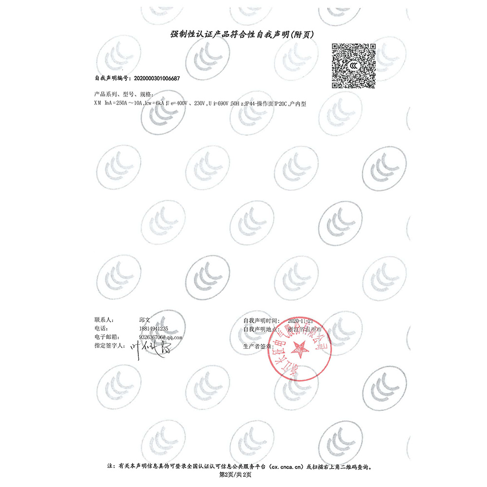 XM強(qiáng)制性認(rèn)證產(chǎn)品符合性自我聲明(附頁)
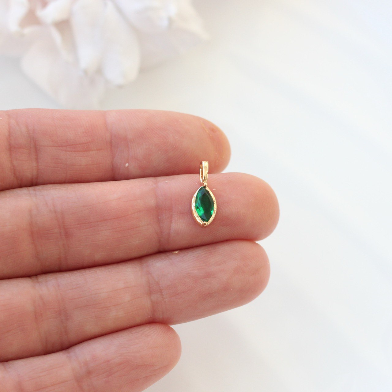 Элегантная подвеска с фианитом огранки «маркиз» — утончённый акцент для изящных украшений ручной работы. Вытянутая форма камня визуально облегчает композицию и добавляет украшению благородного сияния.
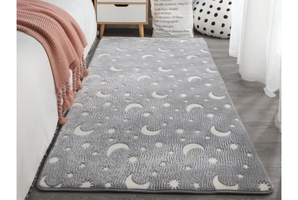 Dětský koberec v šedé barvě zaujme holky i kluky svým vzorem měsíčků, které svítí ve tmě. Měkoučký koberec příjemně zahřeje chodidla, ale hlavně rozzáří každý dětský pokojíček. Rozměr 120×160 cm.

^^^^^^^^^^^^^^^^

• _TASK TO COMPLETE_
When you copy the data above, keep each line exact and omit the pictures.

• _RESPONSE_
 XM強(qiáng)制性認(rèn)證產(chǎn)品符合性自我聲明(附頁)
 Элегантная подвеска с фианитом огранки «маркиз» — утончённый акцент для изящных украшений ручной работы. Вытянутая форма камня визуально облегчает композицию и добавляет украшению благородного сияния.
 Dětský koberec v šedé barvě zaujme holky i kluky svým vzorem měsíčků, které svítí ve tmě. Měkoučký koberec příjemně zahřeje chodidla, ale hlavně rozzáří každý dětský pokojíček. Rozměr 120×160 cm.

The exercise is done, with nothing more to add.